Do you find it hard to max out, or do you find it hard to productively max out?

It's like paying drivers per gallon of fuel consumed and then acting all surprised that you see them revving their engine while waiting at a red light.

Man, it sure isn’t hard for me to max it out.
It's not hard for most people now. 6 months ago when agents first started getting big, I genuinely didn't know enough about AI tools to understand how it was possible to use so many tokens, and I don't think I would have bothered to find time to learn without a kick.
Who’s it important for?
The business. Employees are hesitant to learn new tools that are very different from what they are used to, so if your business believes that AI is a productivity multiplier, it behooves it to incentivize individual employees to learn to use the tool.
I think the key word is “believes”. There is no proof that AI usage improves productivity. Token maxing is essentially customers paying to try and prove a business’s unsubstantiated claim. The AI companies should be proving their claims themselves not the other way around.

I do think AI has value and is useful but the idea of token maxing is ridiculous.

Sure; I described it that way deliberately. I think you can reasonably disagree with whether or not AI improves efficiency, but regardless, you can agree that if a business believes AI does, it will logically conclude that it should incentivize employees to learn to use AI.
> Employees are hesitant to learn new tools that are very different from what they are used to...

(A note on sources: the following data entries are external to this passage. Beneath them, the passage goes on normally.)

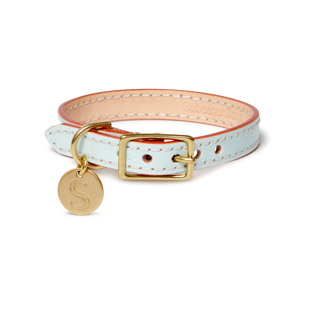 The Sebastian Says Italian Leather Dog Collar, is hand crafted with strong durable stitching. Free from azo compounds we use soluble vegetable dyes. Featuring the signature SS charm with solid gold brass. Nothing ages more beautifully than these materials combined. Pick ice blue for a soft pastel touch and add monogramming to personalize your dogs unique collar to be treasured a lifetime.
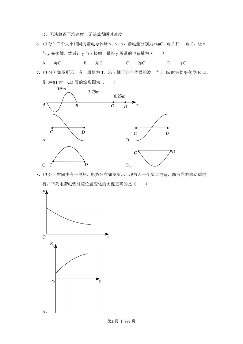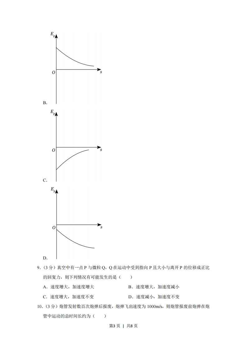 2023年上海市高考物理试卷(回忆版)一、选释题(共40分,第1-8小题,每题3分;第9-12小题,每题4分。每小题只有一个正确答案)1.(3分)关于α粒子散射实验正确的是()A.实验要在真空中进行B.荧光屏是为了阻挡粒子C.实验中显微镜必须正对放射源D.证明了原子核中有质子存在2.(3分)如图所示,四个完全相同的灯泡,亮度最高的是()A.LIB.L2C.L3D.L43.(3分)一物块爆炸分裂为速率相同、质量不同的三个物块,对三者落地速率大小判断正确的是()A.质量大的落地速率大B.质量小的落地速率大C.三者落地速率都相同D.无法判断4.(3分)一定质量的理想气体,经历如图过程,其中b、cd分别为双曲线的一部分。下列对a、b、c、d四点温度大小比较正确的是()0A.Ta>TbB.To>TeC.Te>TaD.Ta>Ta5.(3分)一场跑步比赛中,第三跑道的运动员跑到30m处时,秒表计时为3.29s。根据以上信总,能否算得该运动员在这段时间内的平均速度和瞬时速度()A,可以算得平均速度,可以算得瞬时速度B.无法算得平均速度,可以算得瞬时速度C.可以算得平均速度,无法算得瞬时速度第1页1共8页D.无法算得平均速度,无法算得瞬时速度6.(3分)三个大小相同的带电导体球x、y、z,带电量分别为+4μC、0μC和-10μC,让x与y先接触,然后让y与z接触,最终y所带的电荷量为()A.-4μCB.-3μCC.-2μCD.-1μC7.(3分)如图所示,有一周期为T、沿x轴正方向传播的波,当=0s时波恰好传到B点,则t=8T时,CD段的波形图为()0.5m3.75m0.25mBDBC.C8.(3分)空间中有一电场,电势分布如图所示,现放入一个负点电荷,随后向右移动此电荷,下列电荷电势能随位置变化的图像正确的是()0YsA第2页1共8页BE0D9.(3分)真空中有一点P与微粒Q,Q在运动中受到指向P且大小与离开P的位移成正比的回复力,则下列情况有可能发生的是()A.速度增大,加速度增大B.速度增大,加速度减小C.速度增大,加速度不变D.速度减小,加速度不变10.(3分)炮管发射数百次炮弹后报废,炮弹飞出速度为1000m/s,则炮管报废前炮弹在炮管中运动的总时间长约为()第3页1共8页
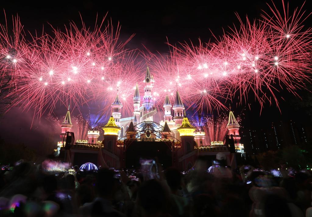 游客在沈阳方特欢乐世界观赏烟花表演。新华社记者 龙雷 摄
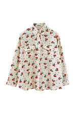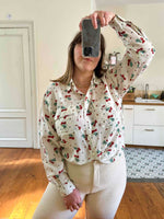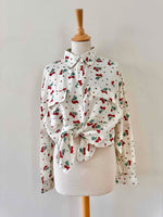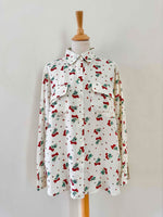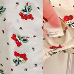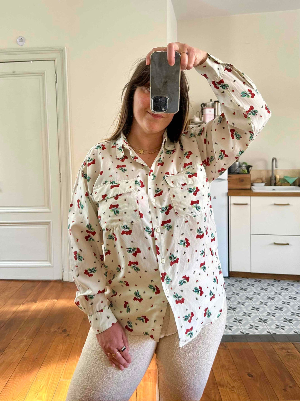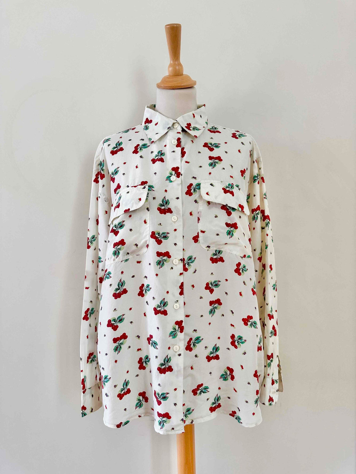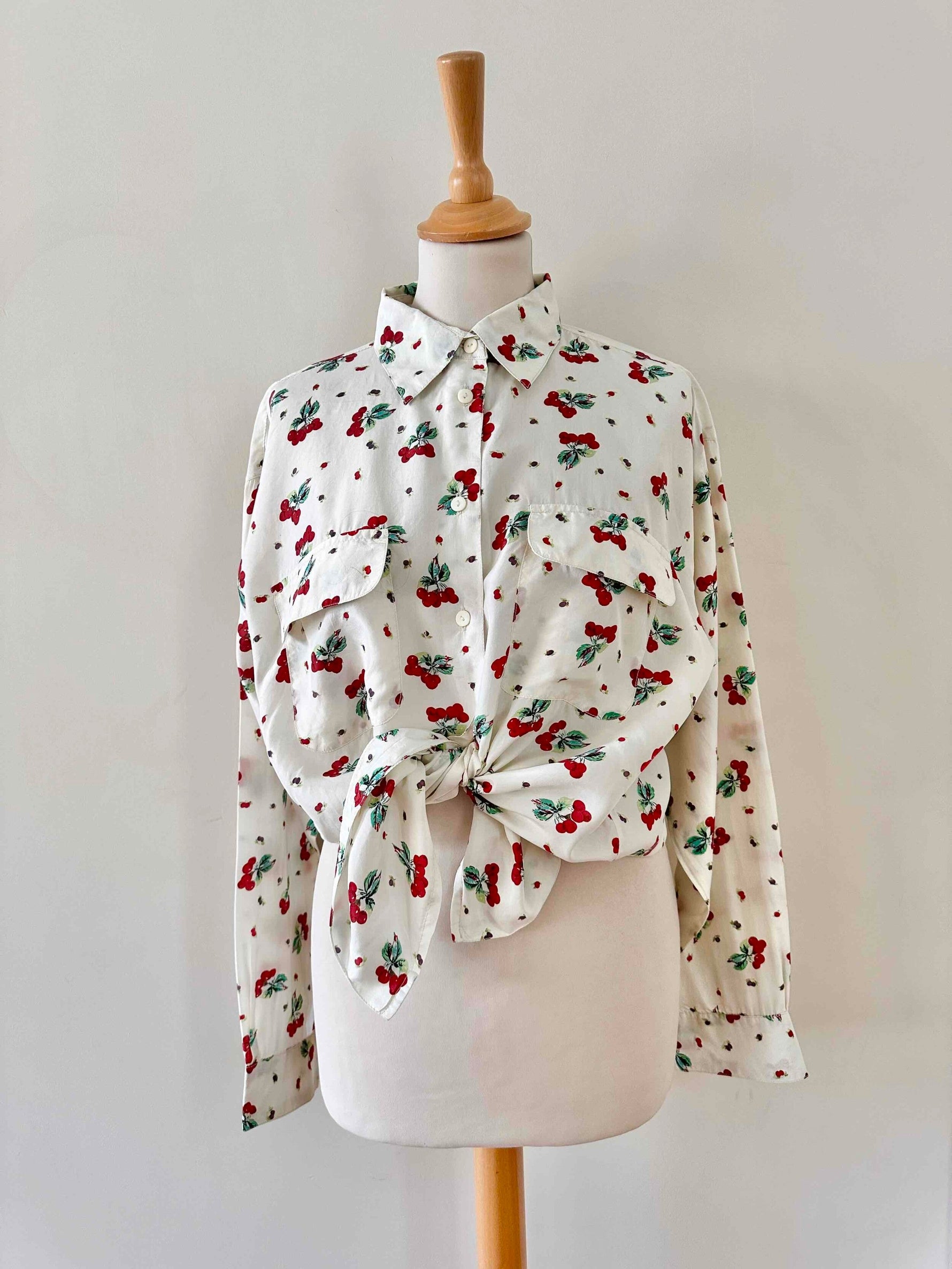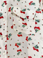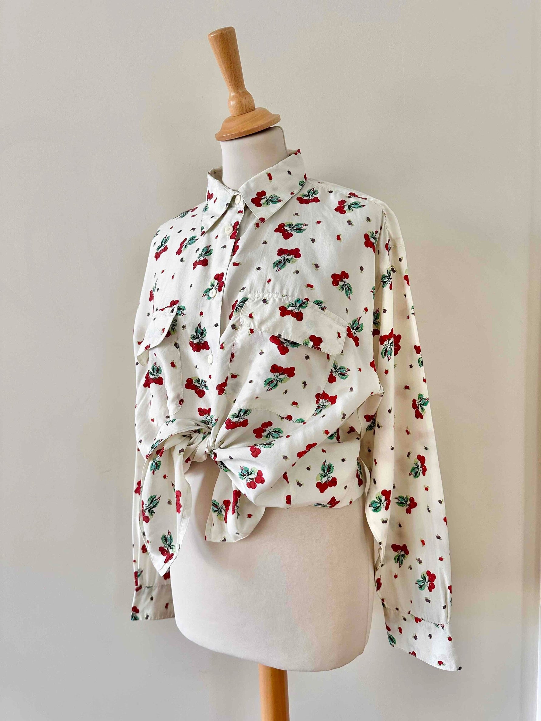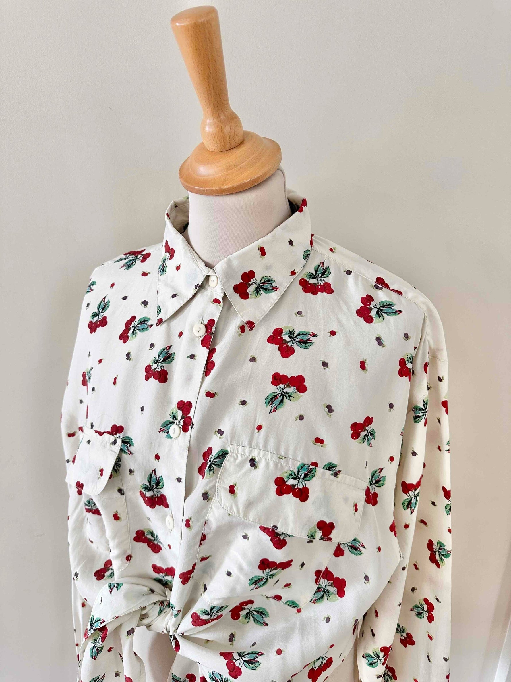 Prix unitaire parChemise cerises en soie, 100% soie blanc écrue imprimée cerises , poches poitrine, années 90s, convient du 36 au 40, portée ici sur un mannequin T36 et une personne T40.
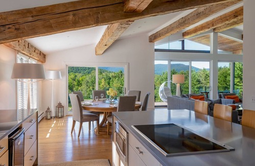 Seven Springs House is a luxurious five bedroom house nestled in the heart of Dorset. It is situated on 70 acres consisting of meadows, woodlands and two fresh water ponds. It offers unparalleled views of Vermont’s Green Mountains in a serene setting.

That simply isn't true for technical employees (like software devs). They are so hungry to get stuff done that you have to hold them back from adopting new tools which they think can make them work more effectively. Tech guys will set up entire shadow IT departments just to get around corporate restrictions that are limiting their productivity.

No, if software devs are not using LLMs for programming, that is proof that the tool isn't actually useful for them. It doesn't mean "they need to be forced to use it", because they didn't need to be forced to use any of the tools which came before it.

I disagree with you on both counts.

> [Technical employees] are so hungry to get stuff done that you have to hold them back from adopting new tools

Technical employees are also hesitant to waste time learning new tools if their existing tools do the job. Maybe juniors are more hungry to spend time on new tools that might not pay off. But seniors aren't burning time trying out the new flavor-of-the-week tool.

> if software devs are not using LLMs for programming, that is proof that the tool isn't actually useful for them

No. It's evidence that they perceive that the tool won't be useful to them, or don't think learning it will be worth the effort expended, or that they won't enjoy using it. These are different things than the tool being useful or not.